En 2025, le Sénégal enregistre une forte progression de ses échanges commerciaux, portés par des exportations en pleine expansion, notamment dans les secteurs de l’or et du pétrole. Avec des importations stables et un dynamisme économique soutenu par la production pétrolière et agricole, le pays confirme sa croissance robuste sur la scène internationale.
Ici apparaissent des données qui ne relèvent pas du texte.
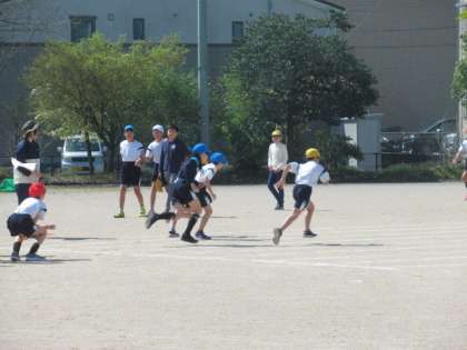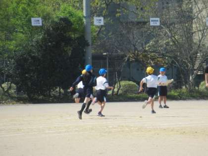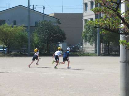 この一年間で走力がどれだけ伸びたかな?今日はグラウンドで走りました。運動会に向けて、これからどんどん走りましょうね。
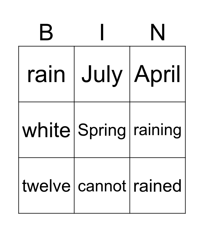 This bingo card has a free space and 9 words: twelve, April, July, white, rain, raining, rained, can't and cannot.
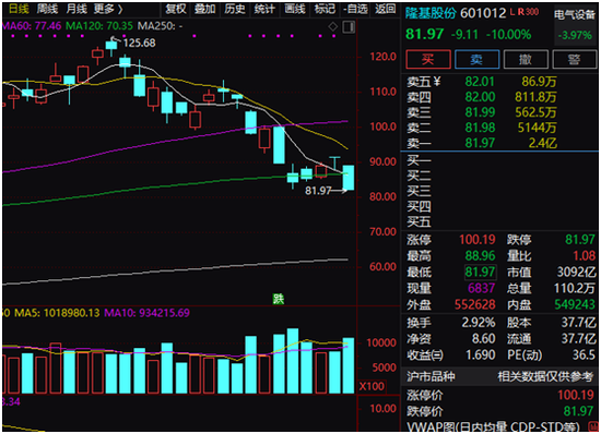 市值超过3000亿元的“光伏茅”隆基股份再次跌停,成交超过90亿元。从2月高点算起,隆基股份股价累计已最多下跌34.78%。3月8日,隆基股份刚经历过一次跌停。
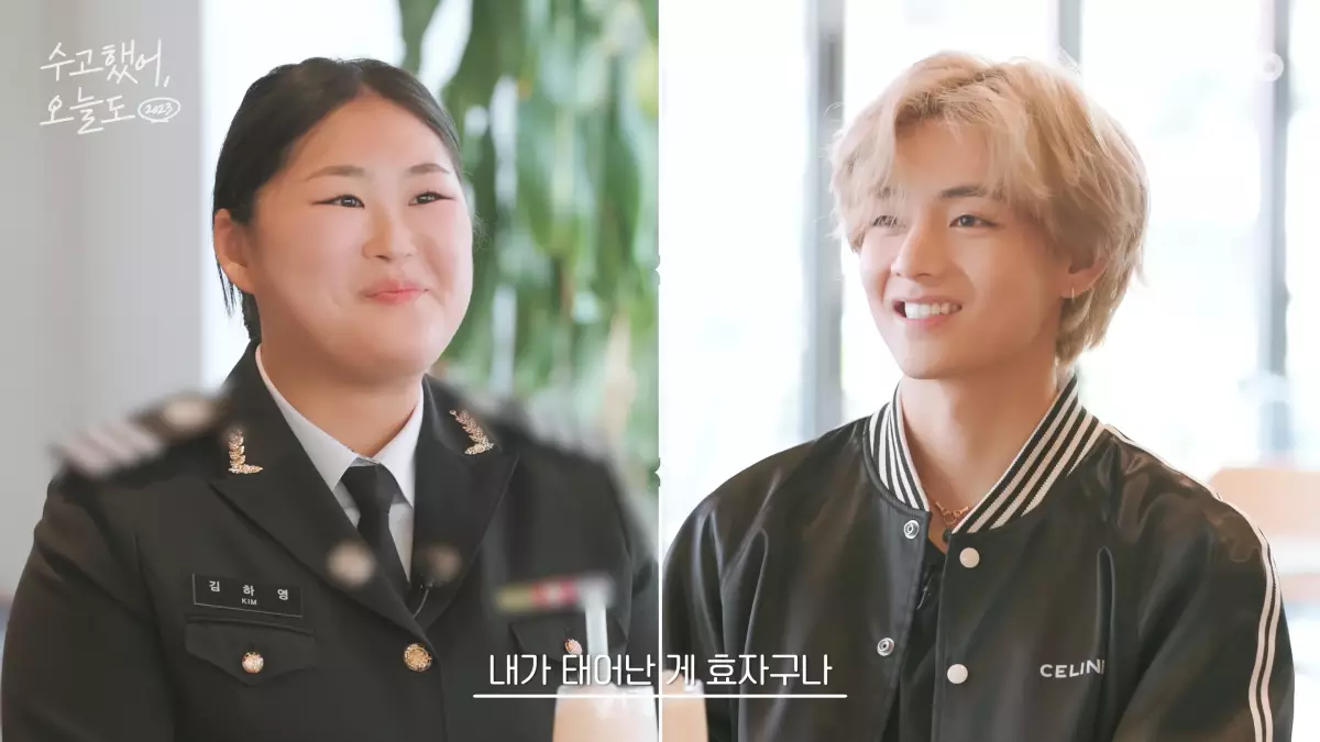 在8月31日發布的最新一輯《今天也辛苦了》,講述BTS的女粉絲河英(音譯:하영),目標是要成為一名「真.ARMY」當上軍人。她目前就讀韓國軍校,不過她的考核成績卻每况愈下,再加上頻密體能訓練,使她自信心也大受打擊、身心俱疲,擔心成為家人的負擔。製作組收到關於河英的故事申請,就特別為她安排和V見面,親自獲得偶像替她應援的機會。
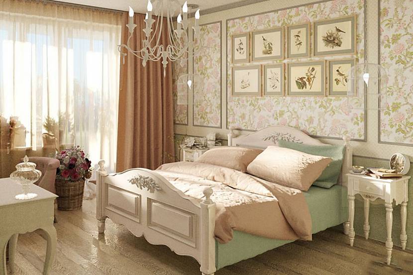 Девиз стиля — романтика. Для завершения образа нужны материалы с растительным рисунком, живые растения и легкие шторы.

En 2025, les échanges commerciaux du Sénégal ont atteint 13 214,3 milliards FCFA (environ 23,76 milliards de dollars), marquant une hausse de 19,36 % par rapport aux 11 070,5 milliards FCFA enregistrés en 2024.
Ces chiffres sont issus du dernier Bulletin mensuel des statistiques du commerce extérieur publié le 18 février 2026 par l’Agence nationale de la statistique et de la démographie (ANSD).
Les importations ont atteint 7 279,1 milliards FCFA, contre 7 161,4 milliards FCFA en 2024, soit une progression de 1,6 %. En décembre, elles se sont élevées à 544,8 milliards FCFA, en baisse de 24,6 % sur un an et de 23,6 % par rapport à novembre 2025 (713,3 milliards FCFA), en raison d’une réduction des achats de matériel de transport, de produits pharmaceutiques et de sucre.
Les principaux fournisseurs du Sénégal en décembre étaient la Chine, la France, la Russie, l’Inde et les Pays-Bas.
Du côté des exportations, elles se sont établies à 5 935,2 milliards FCFA en 2025, contre 3 909,1 milliards FCFA en 2024, soit une hausse spectaculaire de 51,8 %. Le mois de décembre a enregistré un bond particulier avec 825,3 milliards FCFA, en hausse de 155 % par rapport à novembre (323,6 milliards FCFA) et de 104,1 % en glissement annuel.
Les principaux clients étaient la Suisse, la Belgique, le Mali, l’Espagne et le Royaume-Uni. Selon l’ANSD, cette dynamique est principalement portée par les ventes d’or non monétaire, d’huiles brutes de pétrole et de produits pétroliers raffinés, tandis que la baisse des exportations de phosphates et de produits de la mer a légèrement freiné la progression.
Pour rappel, la croissance réelle du PIB sénégalais était d’environ 7,9 % en 2025, selon le Fonds monétaire international (FMI), stimulée par la production pétrolière et gazière ainsi que par le rebond de l’agriculture.